What this task involves: Would you transcribe the records below from the line with "These garments are" to the line with "200 шт., термоусадочная", ends included, exactly and with nothing more, leaving the pictures out?

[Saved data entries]
■ ■ ■ ■ ■

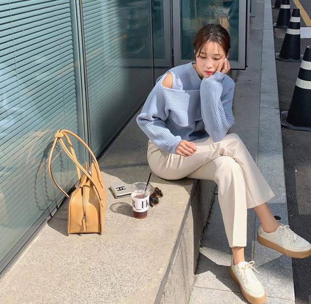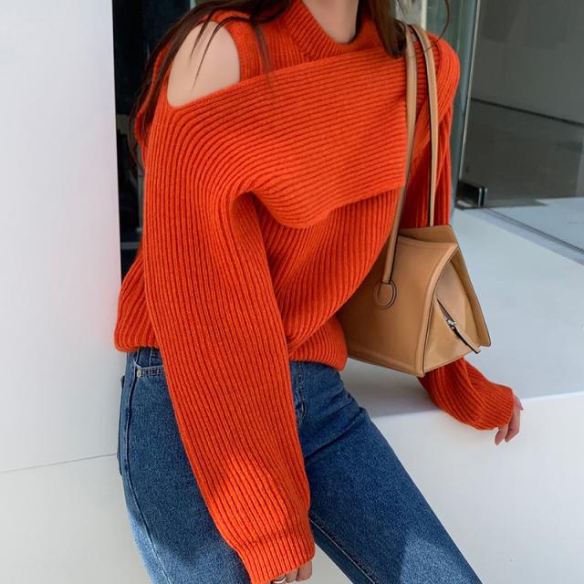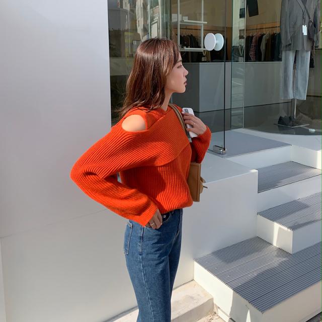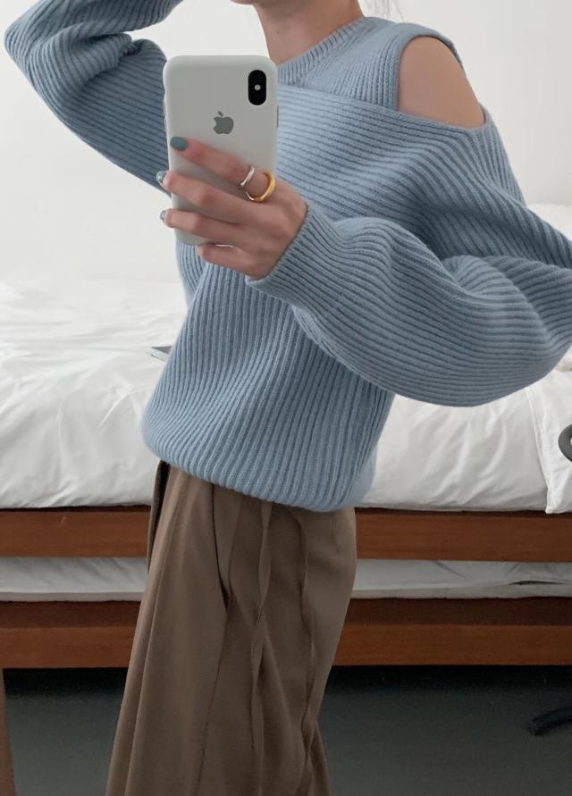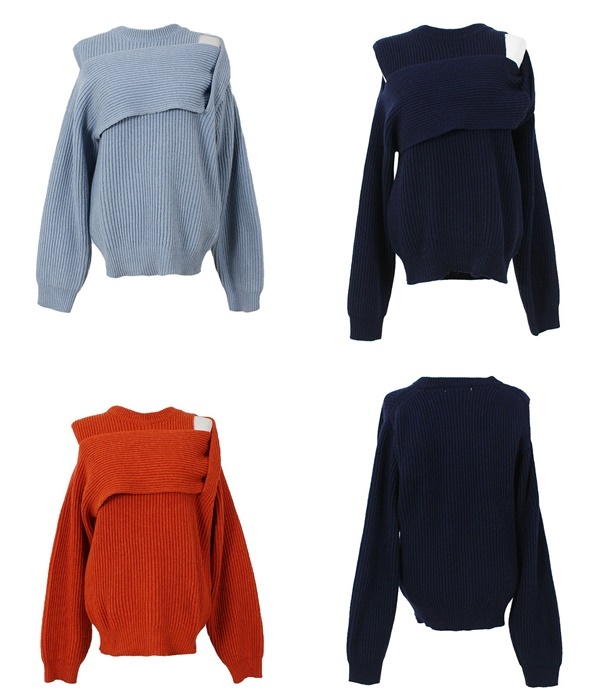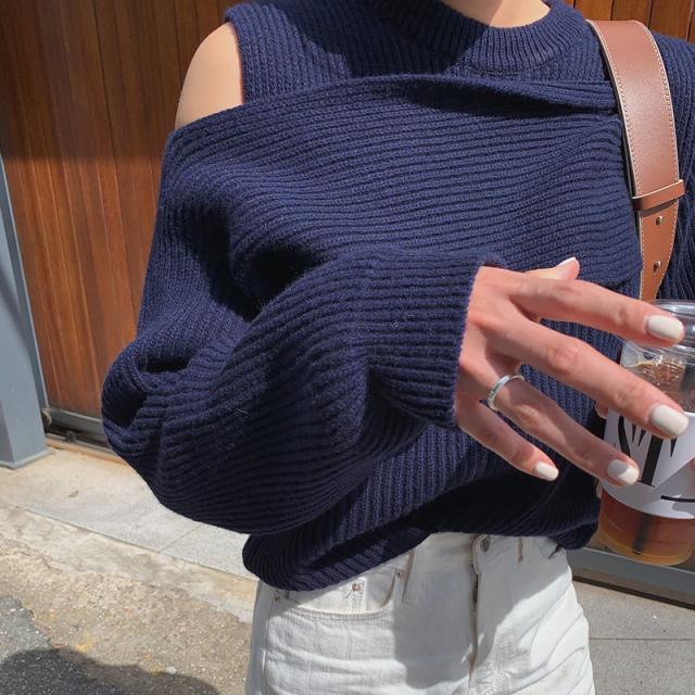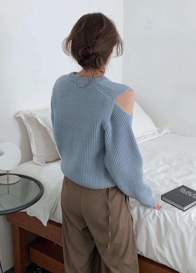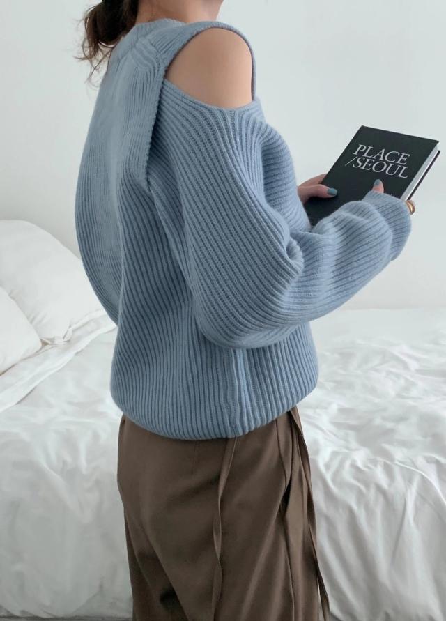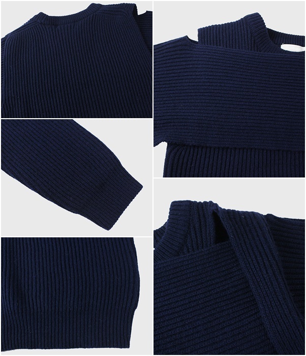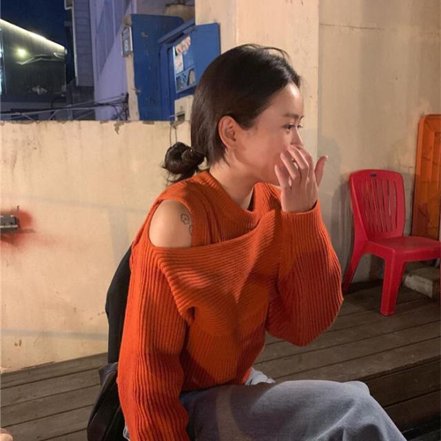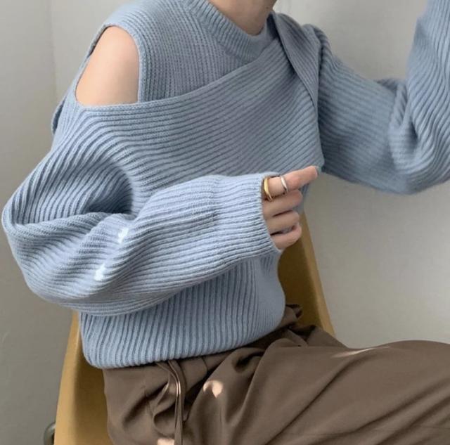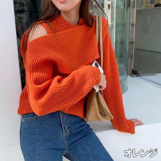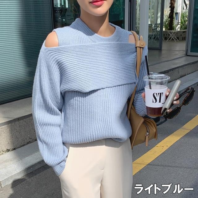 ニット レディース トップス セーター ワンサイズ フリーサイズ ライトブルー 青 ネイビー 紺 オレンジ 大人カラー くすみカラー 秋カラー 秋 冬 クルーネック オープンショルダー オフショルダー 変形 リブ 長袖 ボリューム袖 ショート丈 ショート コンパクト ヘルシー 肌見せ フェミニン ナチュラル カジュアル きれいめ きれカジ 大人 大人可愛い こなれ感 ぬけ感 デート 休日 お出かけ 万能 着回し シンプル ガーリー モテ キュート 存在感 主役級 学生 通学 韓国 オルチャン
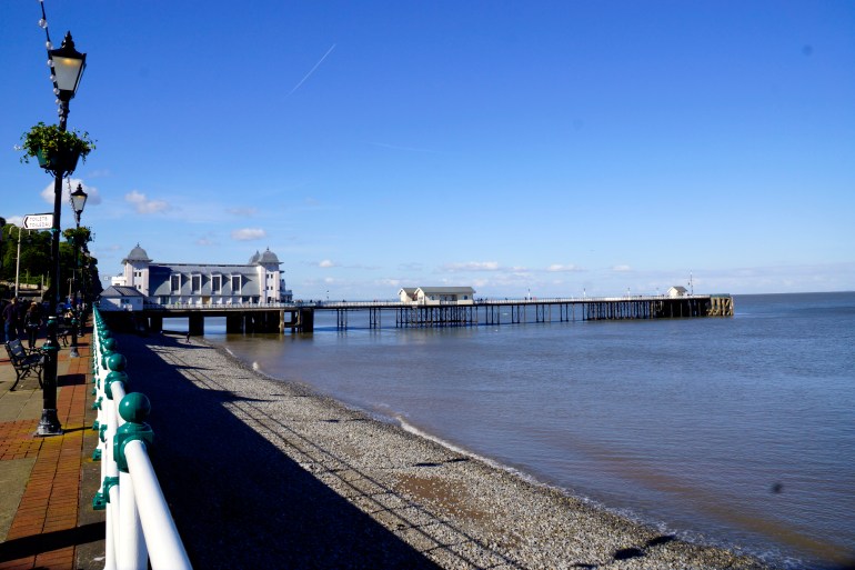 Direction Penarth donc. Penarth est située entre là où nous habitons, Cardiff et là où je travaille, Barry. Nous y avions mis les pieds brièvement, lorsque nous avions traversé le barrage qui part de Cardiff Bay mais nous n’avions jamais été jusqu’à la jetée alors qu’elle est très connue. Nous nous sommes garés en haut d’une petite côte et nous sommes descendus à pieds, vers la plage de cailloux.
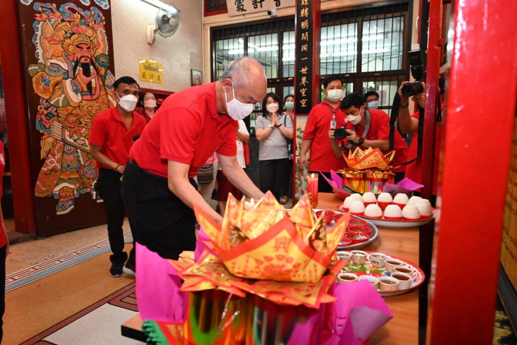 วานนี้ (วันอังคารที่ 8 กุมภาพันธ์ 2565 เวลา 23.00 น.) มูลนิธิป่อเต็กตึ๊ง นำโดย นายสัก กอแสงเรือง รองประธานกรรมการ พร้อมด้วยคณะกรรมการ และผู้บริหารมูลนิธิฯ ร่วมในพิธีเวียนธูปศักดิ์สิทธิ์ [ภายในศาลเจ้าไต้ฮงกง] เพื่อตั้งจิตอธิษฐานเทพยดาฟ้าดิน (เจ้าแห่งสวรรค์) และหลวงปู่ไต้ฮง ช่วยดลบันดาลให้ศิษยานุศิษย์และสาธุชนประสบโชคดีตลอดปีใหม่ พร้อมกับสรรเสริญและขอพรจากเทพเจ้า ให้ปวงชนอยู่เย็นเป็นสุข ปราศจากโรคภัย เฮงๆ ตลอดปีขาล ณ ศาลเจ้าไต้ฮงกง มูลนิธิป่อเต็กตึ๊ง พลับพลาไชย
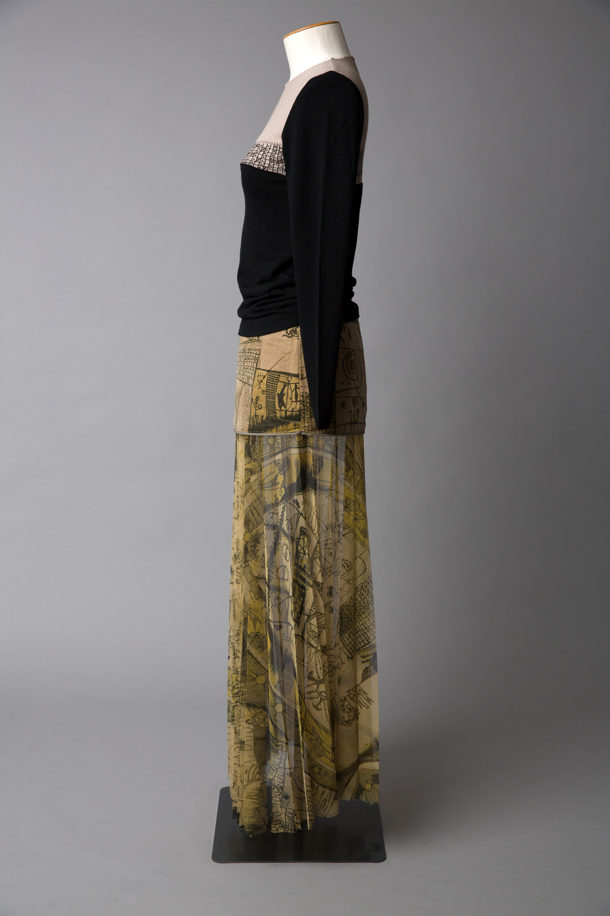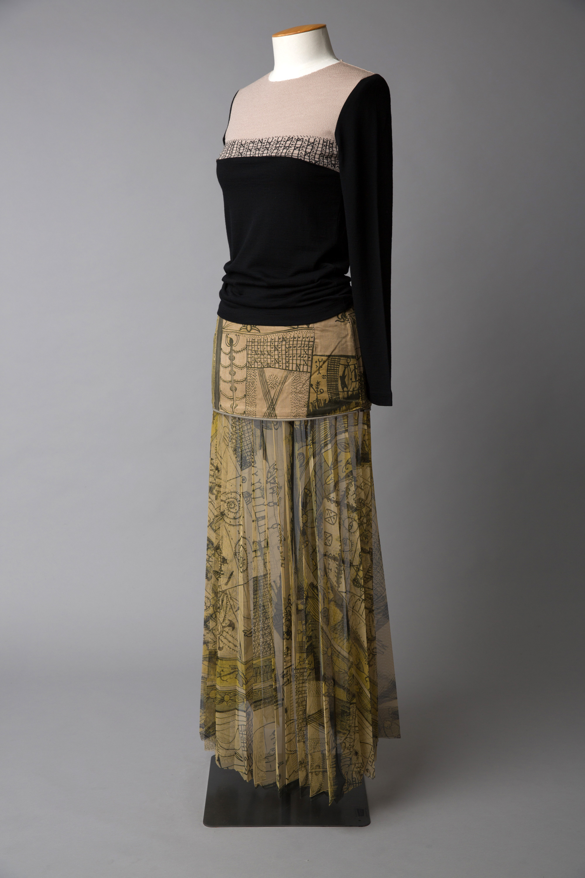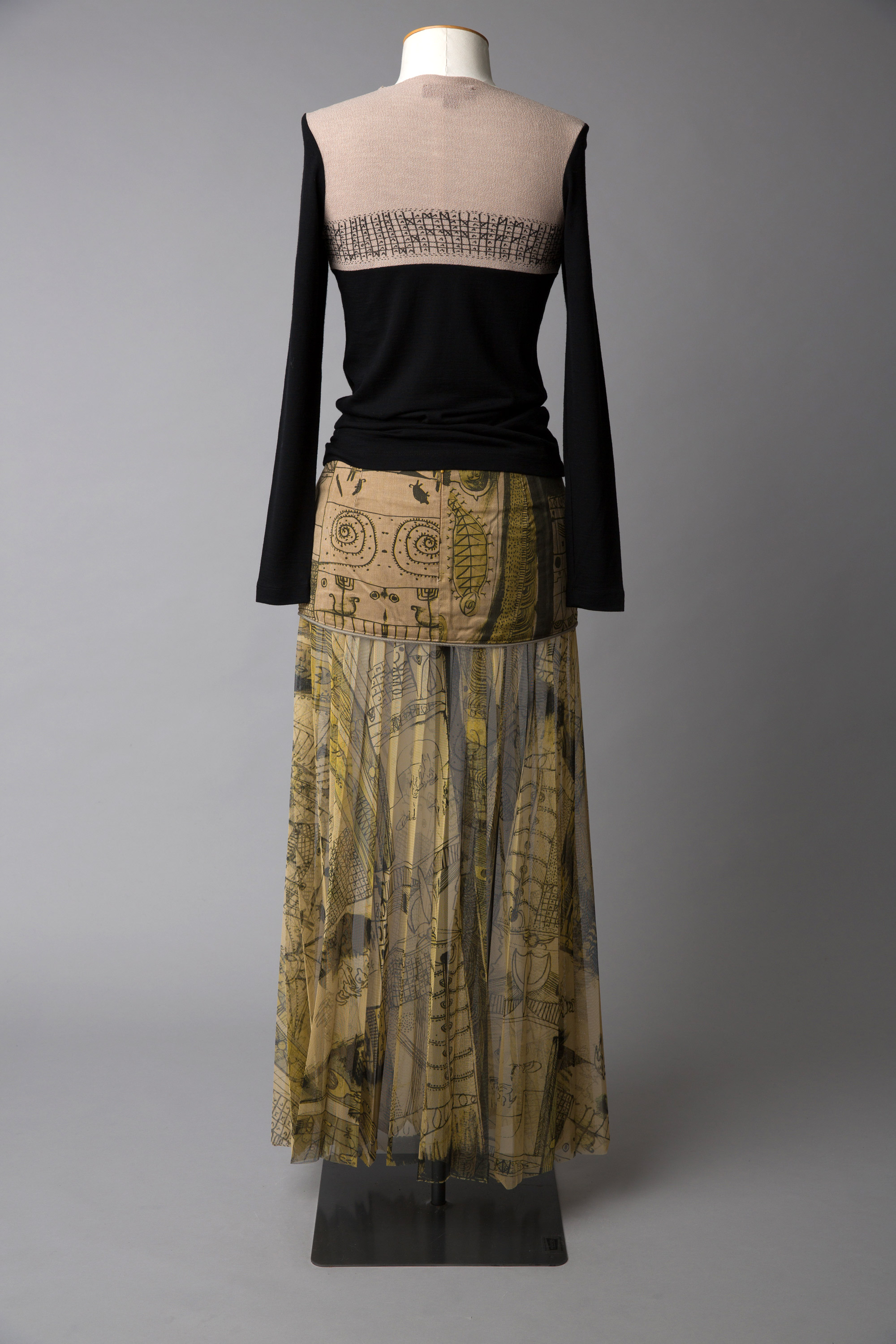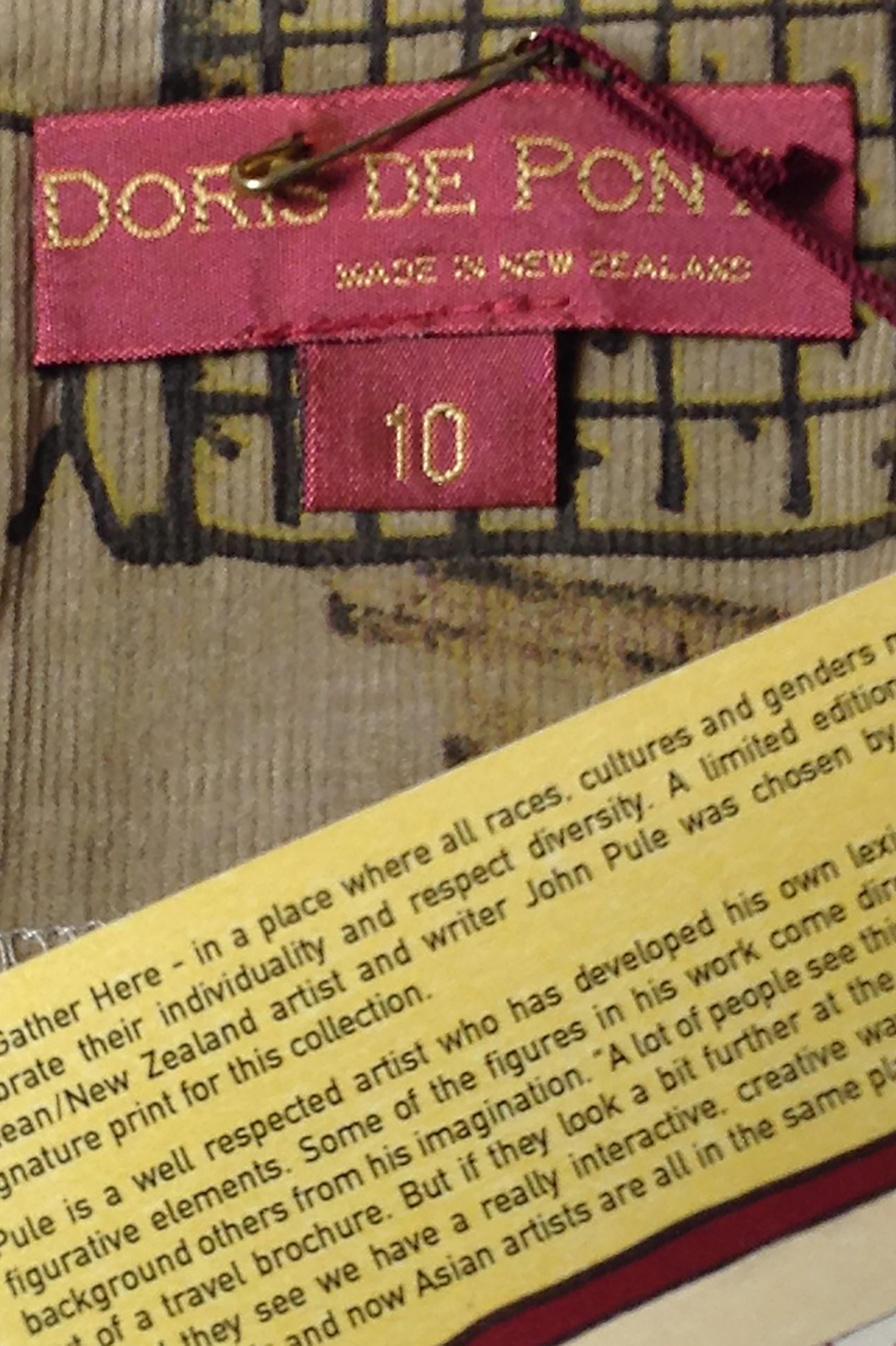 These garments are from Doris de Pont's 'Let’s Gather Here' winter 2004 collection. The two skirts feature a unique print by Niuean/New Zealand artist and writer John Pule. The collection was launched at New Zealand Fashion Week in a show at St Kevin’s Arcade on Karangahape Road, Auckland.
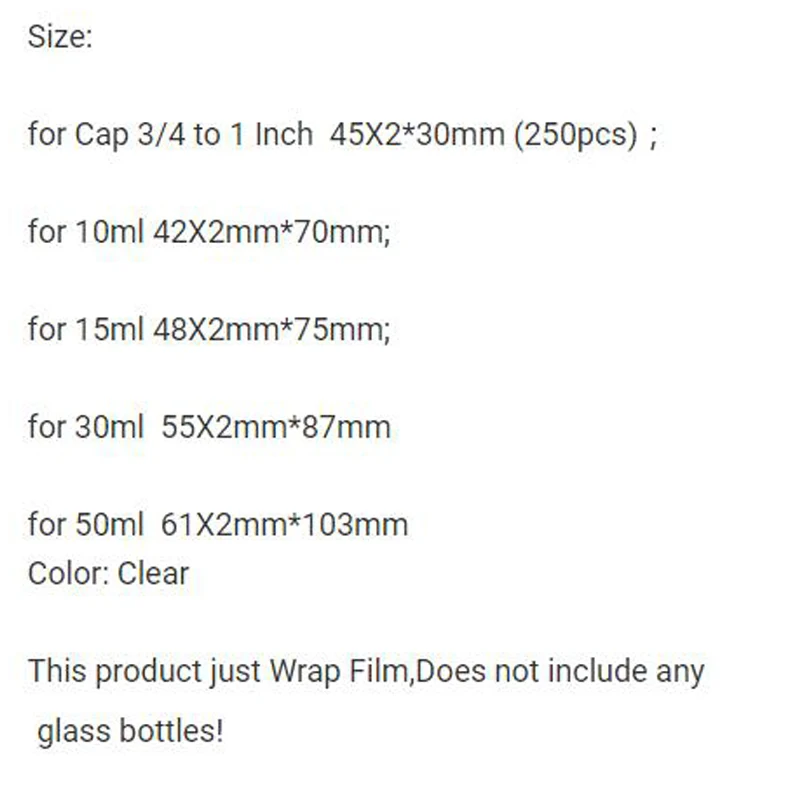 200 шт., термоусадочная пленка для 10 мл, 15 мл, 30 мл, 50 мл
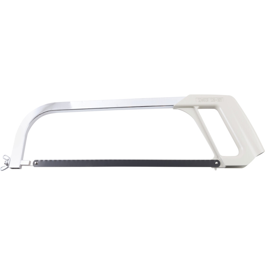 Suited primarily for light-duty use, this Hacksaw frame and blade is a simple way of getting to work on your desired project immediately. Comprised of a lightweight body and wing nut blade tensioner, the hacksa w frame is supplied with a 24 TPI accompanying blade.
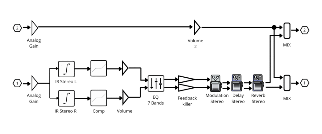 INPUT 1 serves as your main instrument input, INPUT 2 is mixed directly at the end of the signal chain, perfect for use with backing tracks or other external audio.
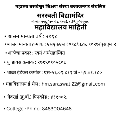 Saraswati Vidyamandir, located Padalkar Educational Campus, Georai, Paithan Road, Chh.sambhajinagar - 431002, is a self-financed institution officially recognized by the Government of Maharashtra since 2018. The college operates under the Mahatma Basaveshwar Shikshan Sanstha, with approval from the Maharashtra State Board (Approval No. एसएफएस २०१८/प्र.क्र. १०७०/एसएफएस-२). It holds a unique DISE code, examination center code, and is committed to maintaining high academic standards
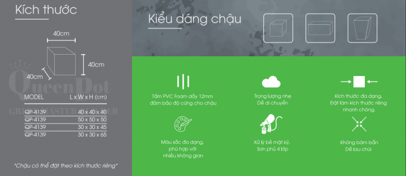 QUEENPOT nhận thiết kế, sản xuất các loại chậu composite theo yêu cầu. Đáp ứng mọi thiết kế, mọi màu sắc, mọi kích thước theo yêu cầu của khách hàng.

■ ■ ■ ■ ■

Solution to this problem:
 These garments are from Doris de Pont's 'Let’s Gather Here' winter 2004 collection. The two skirts feature a unique print by Niuean/New Zealand artist and writer John Pule. The collection was launched at New Zealand Fashion Week in a show at St Kevin’s Arcade on Karangahape Road, Auckland.
 200 шт., термоусадочная пленка для 10 мл, 15 мл, 30 мл, 50 мл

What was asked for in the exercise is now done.